L'Autore - Antòn Pavlovic Cechov nato in Russia nel 1860 a Taganrog, muore di tisi a Badenweiler nel 1904. Figlio di un piccolo commerciante, si laureò in medicina ma senza quasi esercitare la professione. Nel 1901 sposò l’attrice Ol’ga Knipper.
Autore di moltissimi racconti e novelle (L’angoscia, Lo starnuto, Il Consigliere Segreto, La steppa ecc.) e di fortunati drammi teatrali (Ivanov, 1887; Il Gabbiano, 1896; Zio vania, 1897; Le tre sorelle, 1900; Il Giardino dei Ciliegi, 1903).
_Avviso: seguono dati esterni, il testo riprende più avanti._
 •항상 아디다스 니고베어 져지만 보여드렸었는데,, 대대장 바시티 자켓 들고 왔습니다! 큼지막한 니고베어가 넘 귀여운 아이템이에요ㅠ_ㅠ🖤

I suoi personaggi, ritratti con grande acutezza ed humour sottile, sono per lo più figure dal destino mediocre o doloroso, piccoli burocrati o spocchiosi proprietari terrieri. Il racconto Il monaco nero è del 1894.
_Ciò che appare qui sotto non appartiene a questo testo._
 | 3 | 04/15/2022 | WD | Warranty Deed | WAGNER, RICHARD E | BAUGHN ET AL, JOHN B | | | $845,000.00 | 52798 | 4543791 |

Una passione tipicamente russa ebbe Cechov per le piante. La piccola tenuta di Melichòvo, in provincia di Mosca fu da lui acquistata ed accuratamente rimboschita, e nel suo giardino di Jalta piantò migliaia di fiori ed arbusti, che curava da vicino e da lontano, seguitando a mandare ordini ai giardinieri anche dall’estero.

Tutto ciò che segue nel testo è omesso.